[Provided data Boundary: Start]

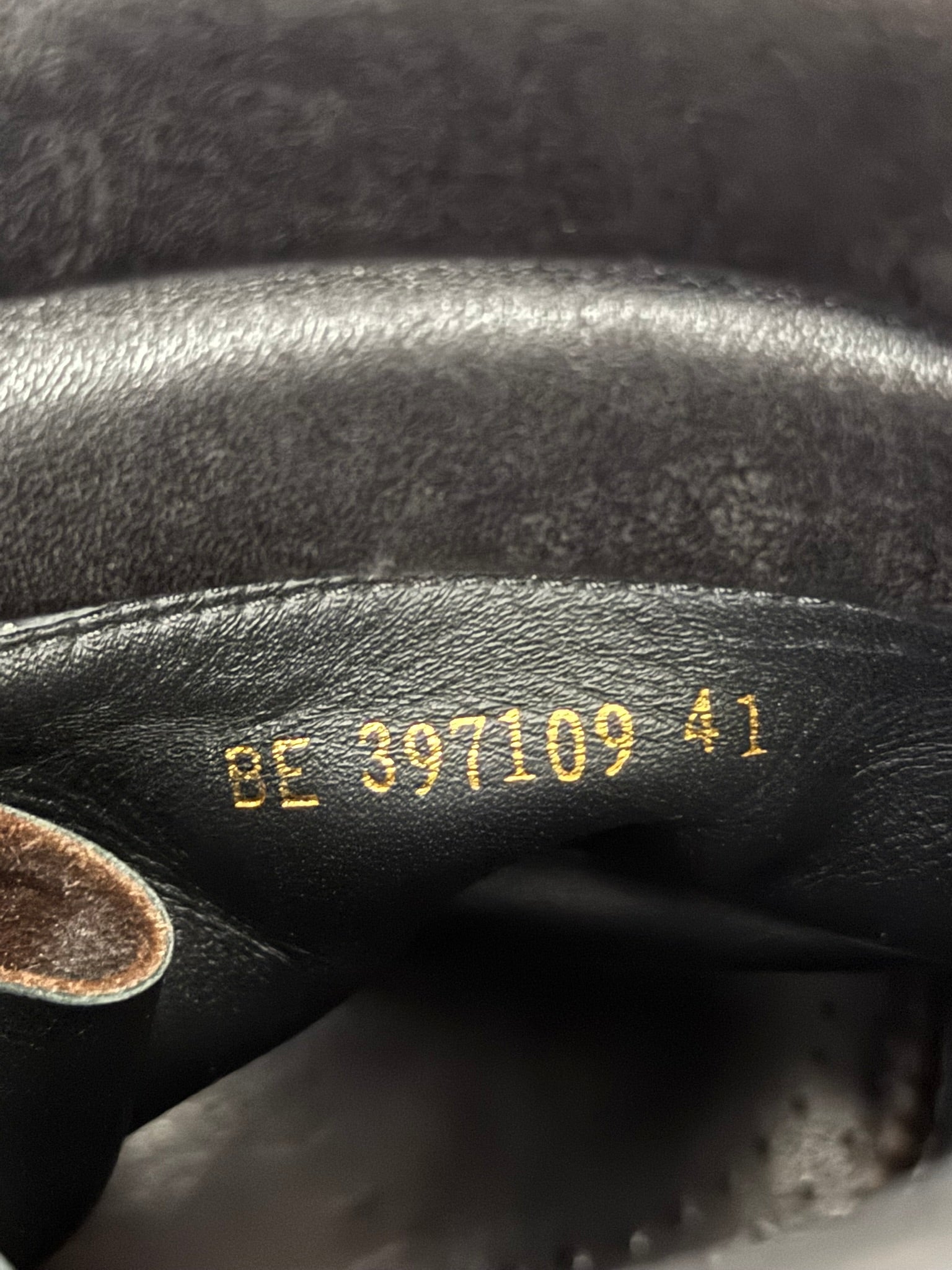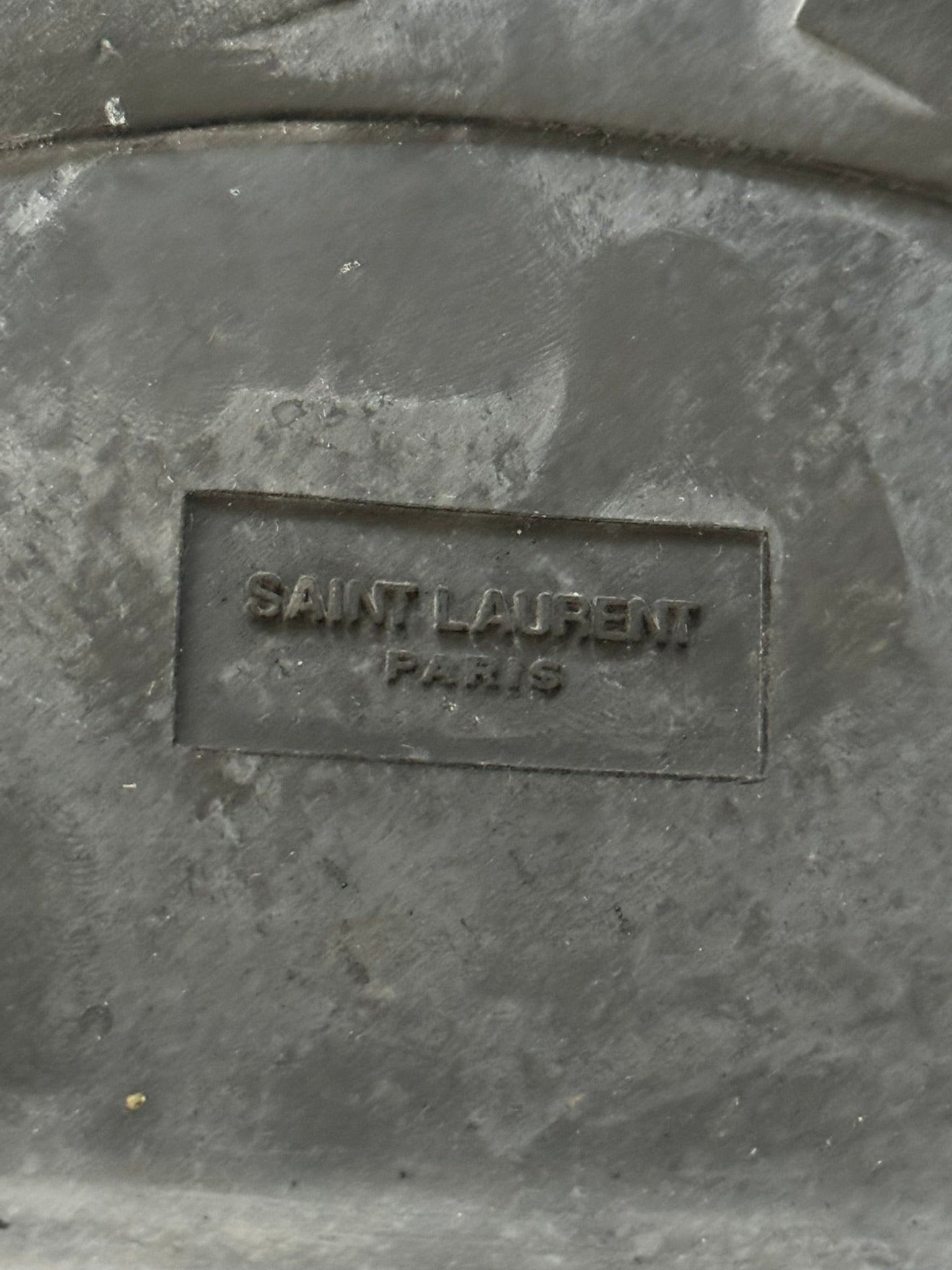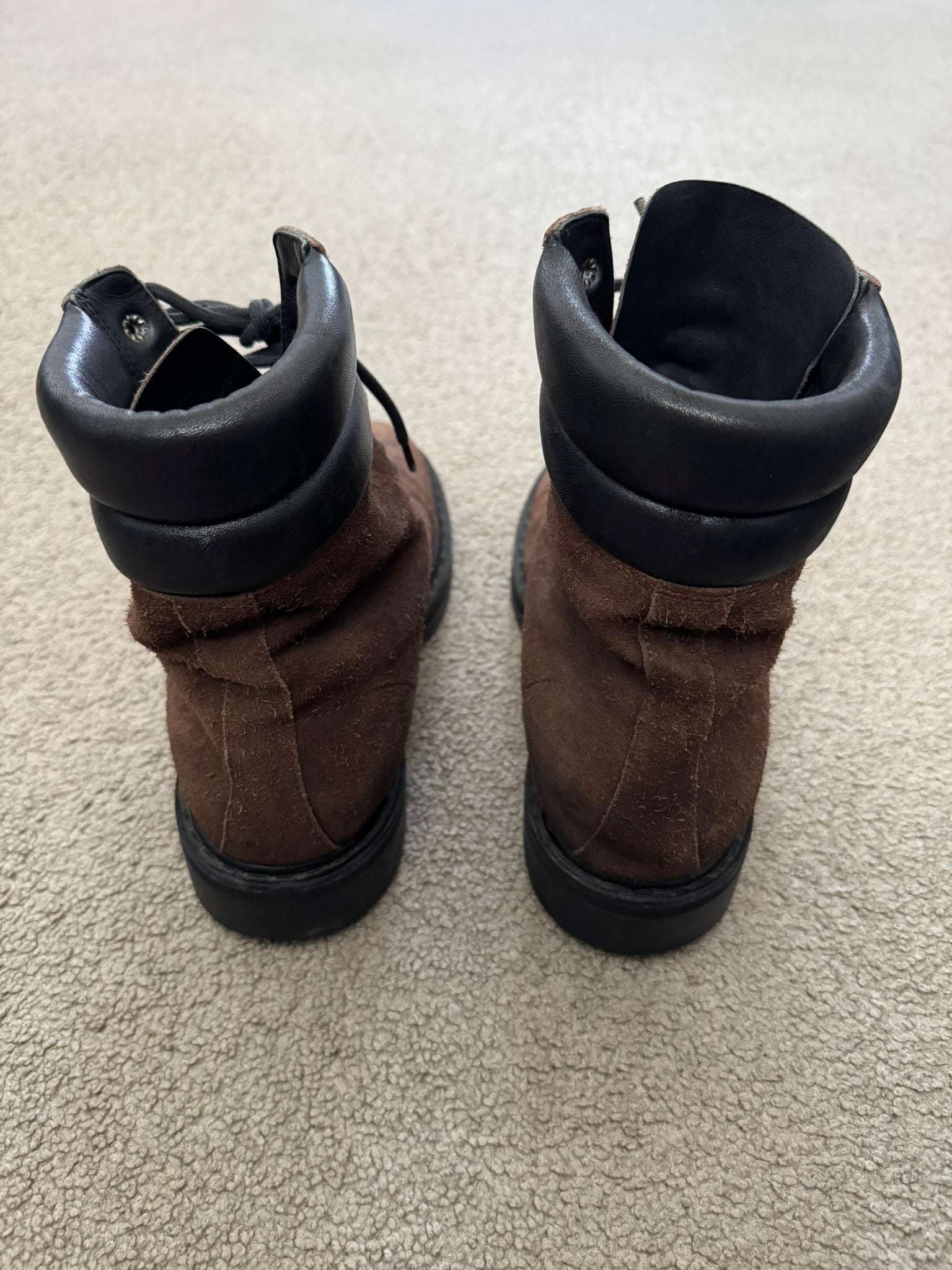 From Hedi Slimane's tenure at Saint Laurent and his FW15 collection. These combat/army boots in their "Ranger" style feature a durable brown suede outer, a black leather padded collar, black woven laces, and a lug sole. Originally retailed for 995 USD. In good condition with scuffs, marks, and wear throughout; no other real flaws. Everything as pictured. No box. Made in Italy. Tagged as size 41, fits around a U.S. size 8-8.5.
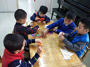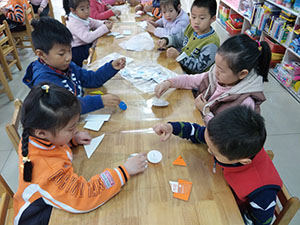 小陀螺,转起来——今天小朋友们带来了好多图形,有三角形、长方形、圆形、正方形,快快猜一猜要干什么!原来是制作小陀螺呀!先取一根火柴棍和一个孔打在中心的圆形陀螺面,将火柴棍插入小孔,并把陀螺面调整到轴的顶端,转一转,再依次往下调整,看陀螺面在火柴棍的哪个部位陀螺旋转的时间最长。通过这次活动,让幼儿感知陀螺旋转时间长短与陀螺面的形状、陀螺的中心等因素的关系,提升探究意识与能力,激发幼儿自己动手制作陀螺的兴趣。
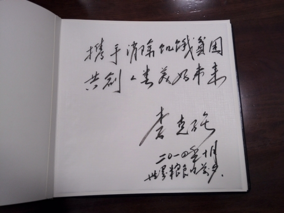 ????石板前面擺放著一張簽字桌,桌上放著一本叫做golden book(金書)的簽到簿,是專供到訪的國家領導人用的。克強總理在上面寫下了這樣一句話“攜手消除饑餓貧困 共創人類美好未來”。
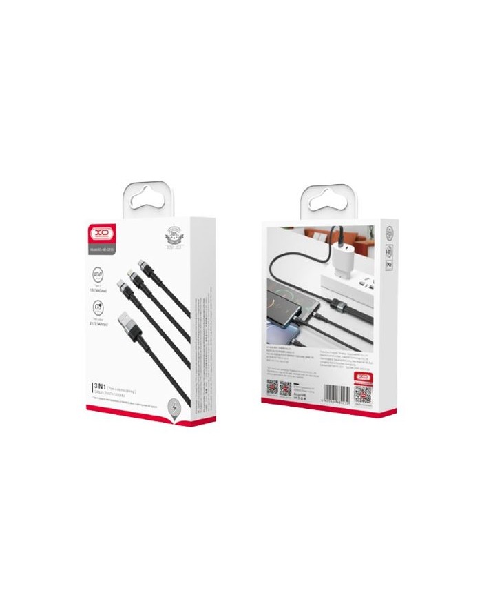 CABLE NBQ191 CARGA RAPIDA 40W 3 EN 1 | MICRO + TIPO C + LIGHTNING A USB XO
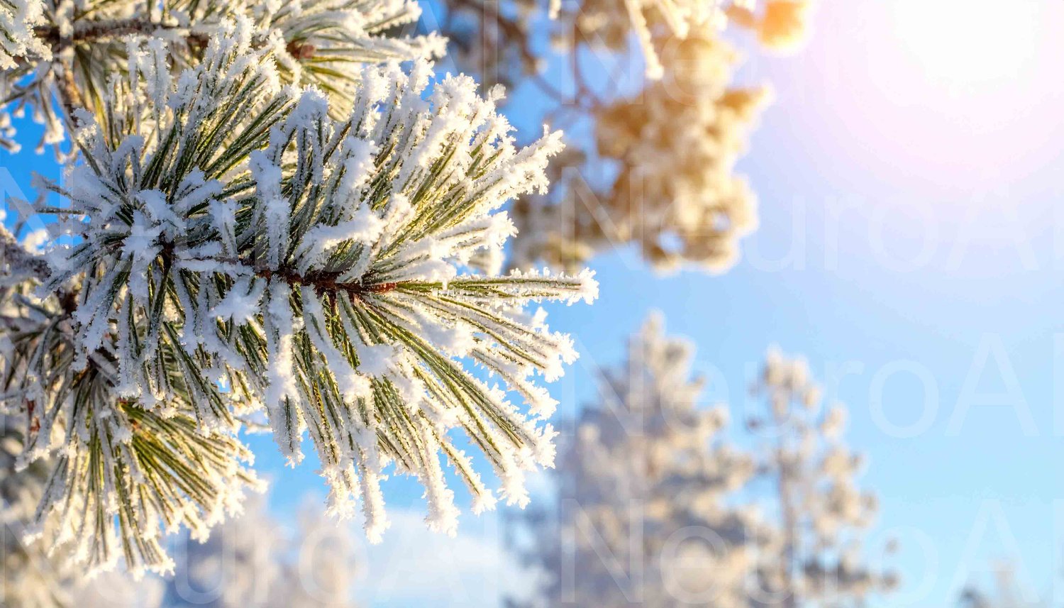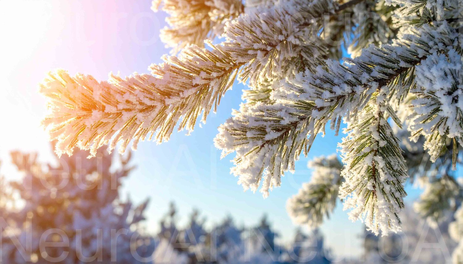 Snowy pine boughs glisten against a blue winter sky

[Provided data Boundary: End]

All of the data should be returned word for word, with each picture left out.

 From Hedi Slimane's tenure at Saint Laurent and his FW15 collection. These combat/army boots in their "Ranger" style feature a durable brown suede outer, a black leather padded collar, black woven laces, and a lug sole. Originally retailed for 995 USD. In good condition with scuffs, marks, and wear throughout; no other real flaws. Everything as pictured. No box. Made in Italy. Tagged as size 41, fits around a U.S. size 8-8.5.
 小陀螺,转起来——今天小朋友们带来了好多图形,有三角形、长方形、圆形、正方形,快快猜一猜要干什么!原来是制作小陀螺呀!先取一根火柴棍和一个孔打在中心的圆形陀螺面,将火柴棍插入小孔,并把陀螺面调整到轴的顶端,转一转,再依次往下调整,看陀螺面在火柴棍的哪个部位陀螺旋转的时间最长。通过这次活动,让幼儿感知陀螺旋转时间长短与陀螺面的形状、陀螺的中心等因素的关系,提升探究意识与能力,激发幼儿自己动手制作陀螺的兴趣。
 ????石板前面擺放著一張簽字桌,桌上放著一本叫做golden book(金書)的簽到簿,是專供到訪的國家領導人用的。克強總理在上面寫下了這樣一句話“攜手消除饑餓貧困 共創人類美好未來”。
 CABLE NBQ191 CARGA RAPIDA 40W 3 EN 1 | MICRO + TIPO C + LIGHTNING A USB XO
 Snowy pine boughs glisten against a blue winter sky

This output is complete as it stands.